Chapter 5 - Support Vector Machine

Chapter 5 - Support Vector Machine

Purpose

A Support Vector Machine is a prevalent and widely used machine learning model. It helps perform linear and non-linear classification, regression, and outlier detection. SVMs are particularly well suited for classification of complex but small or medium-sized datasets (thousands).

Illustration of a Support Vector Machine

Key sentences

  • You can think of an SVM classifier as fitting the widest possible street between the classes. This is called large margin classification.

  • Adding more training instances "off the street" will not affect the decision boundary at all. It is fully determined by the instances located on the edge of the street. these instances are called support vectors.

  • A support vector is any instance located on the street, including its border. Any instance that is not a support vector has no influence and won't affect the decision boundary, computing the predictions only involves the support vectors, not the whole training set.

  • If your model is overfitting, you can try regularizing it by reducing C.

  • Unlike Logistic Regression classifiers, SVM classifiers do no output probabilities for each class.
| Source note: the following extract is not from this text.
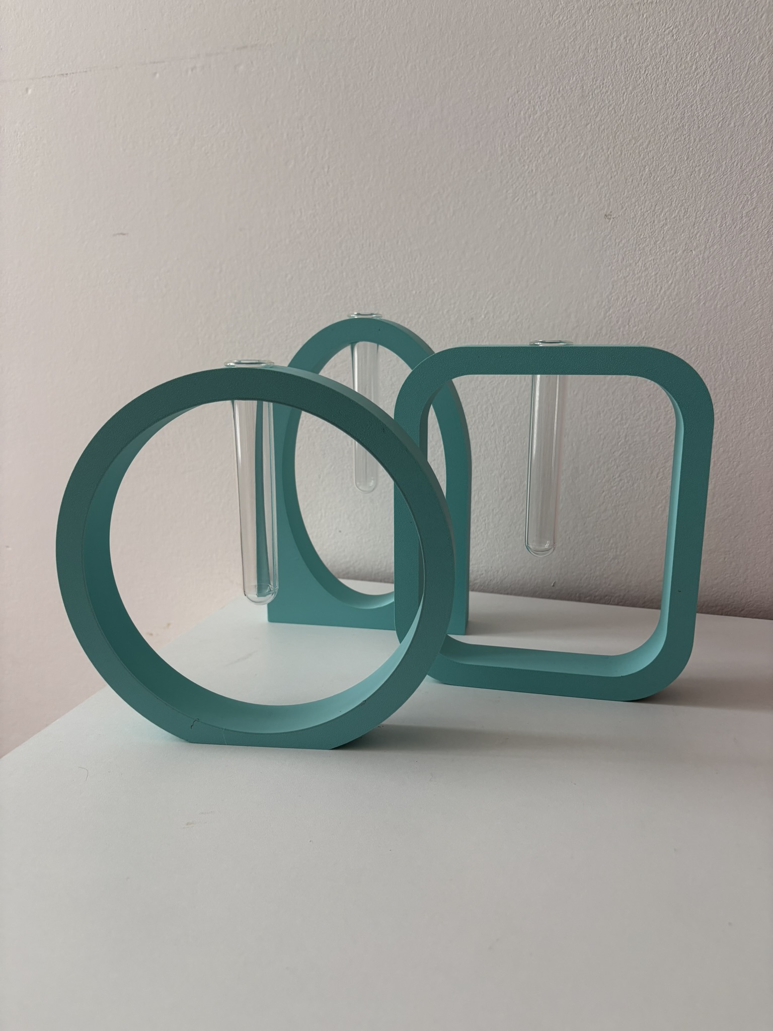 Ogni pezzo è progettato con cura e realizzato artigianalmente con materiali di qualità. Il design sospeso, con provetta trasparente integrata, crea un effetto di leggerezza e modernità, perfetto per fiori singoli, fiori artificiali o rametti decorativi.

  • Adding polynomial features is simple to implement and can work great with all sorts of machine learning algorithms (not just SVMs), but at a low polynomial degree it cannot deal with very complex datasets, and with a high polynomial degree it creates a huge amount of features, making the model too slow. Fortunately, you can apply a technique called kernel trick to make it possible to get the same result as if you added many polynomial features, even with very high degree polynomials, without actually having to add them.=

  • SVM Regression tries to fit as many instances as possible on the street while limiting margin violation (instances off the street)
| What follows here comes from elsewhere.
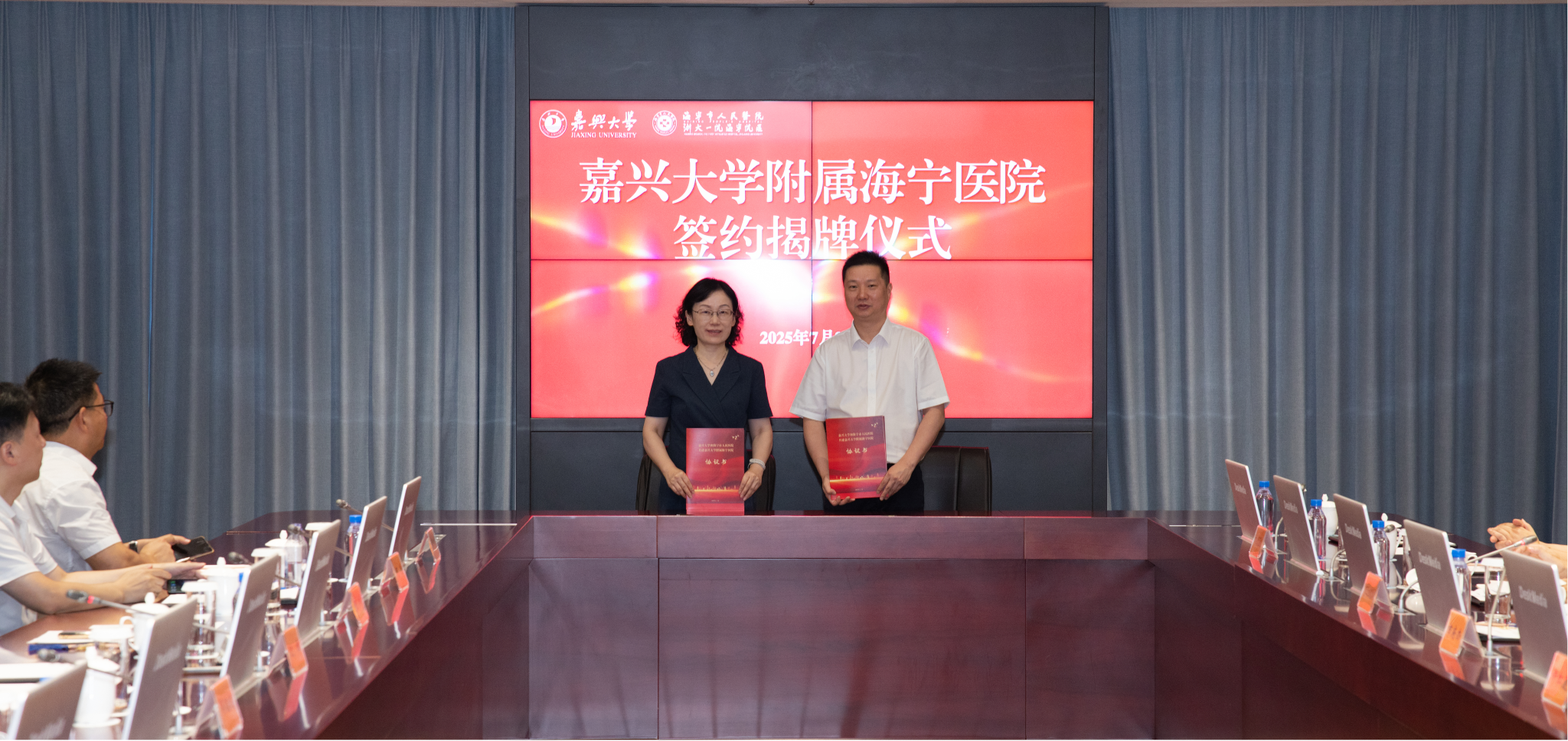 副校长(主持日常工作)张琦、海宁市市长许红莲、海宁市人大常委会副主任曹毅等出席仪式。海宁市卫生健康局党委书记、局长沈鹏主持仪式。

  • For large-scale nonlinear problems, you may want to consider using neural networks instead of SVMs.

  • An SVM classifier can output the distance between the instance and the decision boundary, and you can use this as a confidence score.

  • If you set probability=True when creating an SVM in Scikit-Learn, then after training it will calibrate the probabilities using Logistic Regression on the SVM's scores. This will add the predict_proba() and predict_log_proba() methods to the SVM.

Key takeaways

Linear and Non-Linear SVM classification

  • SVMs are sensitive to feature scales. It's recommended to scale the features (i.e using scikit StandardScaler) to get better decision boundaries.

  • We could find a way to impose having all the instances off the street, but this will likely cause the model to become sensitive to outliers and difficult to generalize. This is usually called hard margin classification.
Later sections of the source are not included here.